I am sure that the Chancellor of the Exchequer and those Members who served on the Committee will remember the great point which was made of the fact that these gentlemen were to occupy a judicial capacity, and that they were not to represent special interests. I cannot help thinking that they would discharge their duties in a far more satisfactory manner if they did not represent special interests. If they do, you will have one Commissioner only considering any question which arises with regard to that particular subject in which he happens to be interested, and therefore you will really have less persons considering important matters than you would if you had five Commissioners, and if those five persons were not appointed because of their interest in special matters, but on account of their general judicial powers and administrative ability. The whole of the five Commissioners should give their entire attention to any one question which may come up for consideration. I am deeply interested in the objects which are included in this Bill, and it is because I believe profoundly that the important work to which this measure undertakes to give effect will be far better carried out by five Commissioners than a larger number, that I earnestly appeal to the Chancellor of the Exchequer not to press on this particular Amendment. The whole question seems to me to require very careful consideration, and I do not see that the operation of the Act will be necessarily postponed if the consideration of this Bill be adjourned. I was not able to follow the Chancellor of the Exchequer when he said that the Act could not come into operation unless this Bill is passed. It seems to me that there is only one clerical error which it is desirable to correct, and although I should not desire to offer any opposition to the other Clauses of the Bill, I cannot but think it would be better to adjourn the Debate at this present time, and therefore I beg to move "That the Debate be now adjourned."

Captain CRAIG

I desire to second the Motion for the Adjournment of the Debate. Those of us who were on the Committee last year discussed this matter very fully, and the right hon. Gentleman was holding before us the same threat that he could not bring the Act of last year into force until this Bill was passed through all its stages. I do not think that this House should be threatened into passing legislation of any sort without taking into consideration the complete turn round of the Chancellor of the Exchequer and his advisers. The whole tenor of the Debate in the Committee last year was that these five men—these judicial Commissioners— should be without bias, and should judge the whole of the schemes brought before them on their merits, and not as advocates of any special scheme, and this is not the time to enter upon a discussion which really changes the whole aspect of the Act of 1909. This Bill before us, although it is only one Clause to which exception is taken, changes the whole tenor of the Act, and although it may be said by the Government that it is possible to discuss that Clause to-night, yet I do think that where it is a case in which the change has taken place in such a short time, and obviously as the result of pressure brought to bear on the right hon. Gentleman that we should postpone the discussion of it. If we do postpone it I think the right hon.
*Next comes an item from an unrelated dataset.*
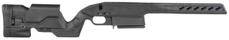 The Archangel AAS111MLA is an aluminum pillar bedded, fully adjustable precision stock for Savage Model 1100/111 long action rifles (and variants) chambered in cartridges based on the 300 WIN Mag with a maximum overall length of 3.410″. Converts all models to a double column TYPE C detachable magazine configuration. This weight reduced and slimmed modern precision stock features an ergonomic gooseneck style grip with palm swells and a locking storage compartment. The comfortable, ventilated forend is contoured and textured for positive retention and features two M-Lok slots on the bottom for mounting accessories such as a rail, bi-pod or light. The click adjustable cheek riser, with a 1.25″ travel in .05″ increments, assures a proper fit to each individual. The buttstock features a textured, contoured recoil pad and off-hand pressure hook. The varmint-barrel sized barrel channel accepts and free-floats most barrel contours. Also, features three steel QD style flush fit hard points for QD style sling swivels (sling swivels not included). The AAS111MLA is impervious to weather and will withstand all standard gun solvents and oils. Includes one TYPE C- Archangel Magnum Caliber .300 WIN, 7mm Rem Mag 6rd with a 2rd limiter black polymer magazine (AAMLA5), a traditional style sling stud (not installed) for using a standard sling swivel on the forend or for mounting Harris style bipods, Hex head action screws and Allen wrench. Made in USA.
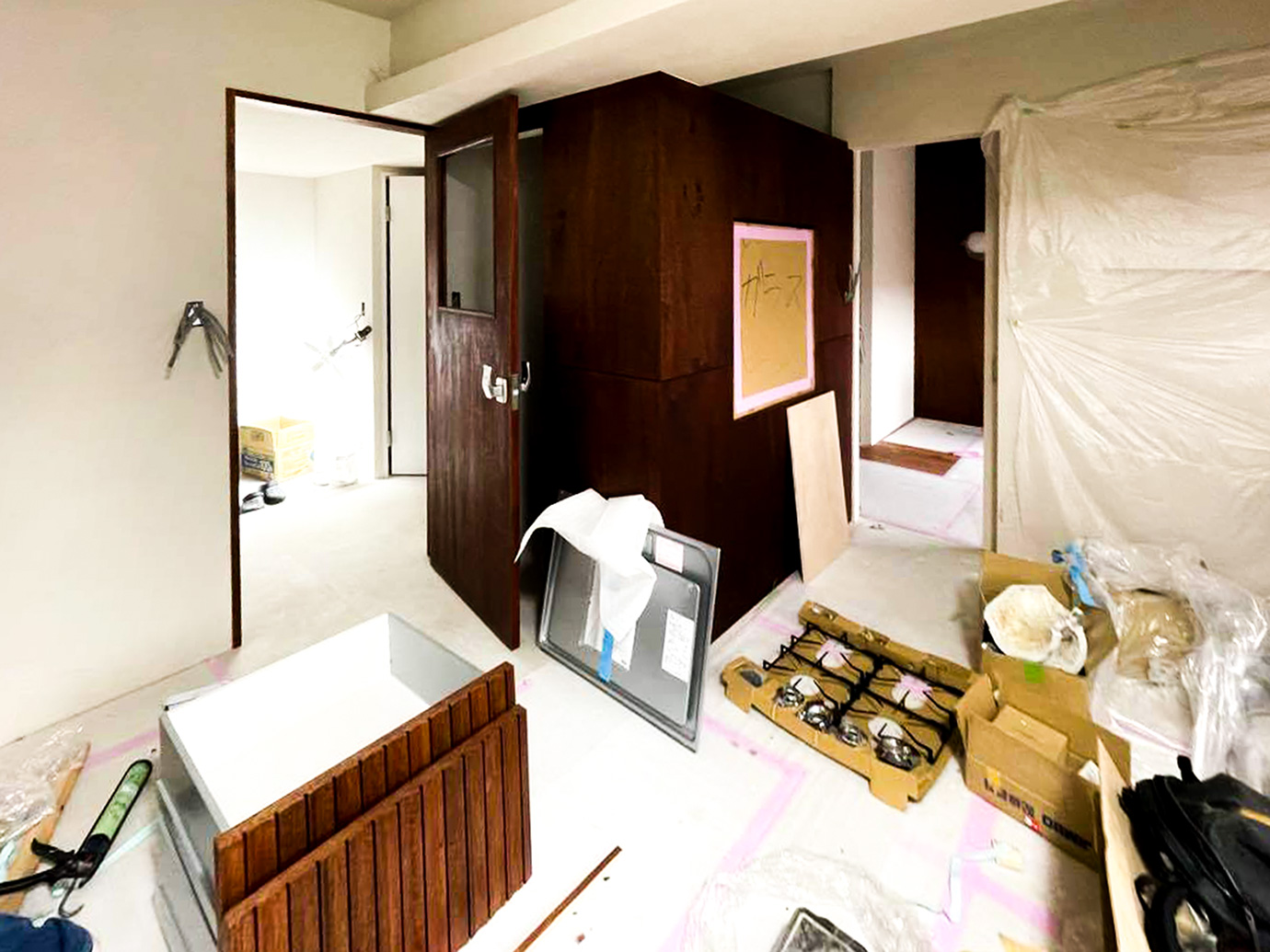大工工事が進み、ボードが貼られました◎〰〰〰エイトデザイン名古屋・東京オフィスでは一緒に働いてくれるディレクターを募集中!経験者大歓迎!!(ゼネコン・…

Gentleman should give us the names of the five Commissioners who have been appointed under the Act of 1909, and then we shall be able to consider if it is necessary for us to add other members. It will enable us to make up our minds, and if the five names commend themselves to the House then I hold that there will be no necessity to enlarge the number to ten or any other number. Once we branch away from five we may go on covering every industry in the country, the very thing the Act was intended to prevent, and considering that there is only £900,000 to be dispensed this year the right hon. Gentleman should admit the justice of our plea that the change in the whole aspect of the Act of 1909 deserves more consideration than being smuggled through at this hour.


I should quite concur in this Motion if the matter appeared to me quite so important as it does to my hon. Friend, or if it were the principal Act which this is intended to amend; and I think the Government owe an explanation of the reasons why what is evidently a very carefully adopted and deliberate decision of the House should now be set aside. I dislike the original Act as heartily as it is possible to do. It has always seemed to me to fulfil the idea of a Socialist measure more completely than any Act which has been before Parliament; but I really cannot take quite so gravely to heart the circumstance that there should be ten Commissioners rather than five. The worst that can be said of it is that it has to some extent the appearance of a job. It is unusual, certainly, after Parliament has solemnly and deliberately fixed five for settled reasons that the Government within a few months should propose to have ten. The Government certainly owes the House an explanation of the change of intention, but I am not disposed to oppose the Bill any further unless the explanation is very unsatisfactory. Since the House has decided to try an experiment in Socialist legislation they must try it and we shall see what comes of it. I deprecate the interference of the State carried out on this scale, and I do not believe it very much matters whether you have a larger or a smaller number of Commissioners, and I do not believe any advantage is gained in standing between public opinion and the experiment they have resolved to try beyond uttering a word of caution against the folly of attempts of this kind.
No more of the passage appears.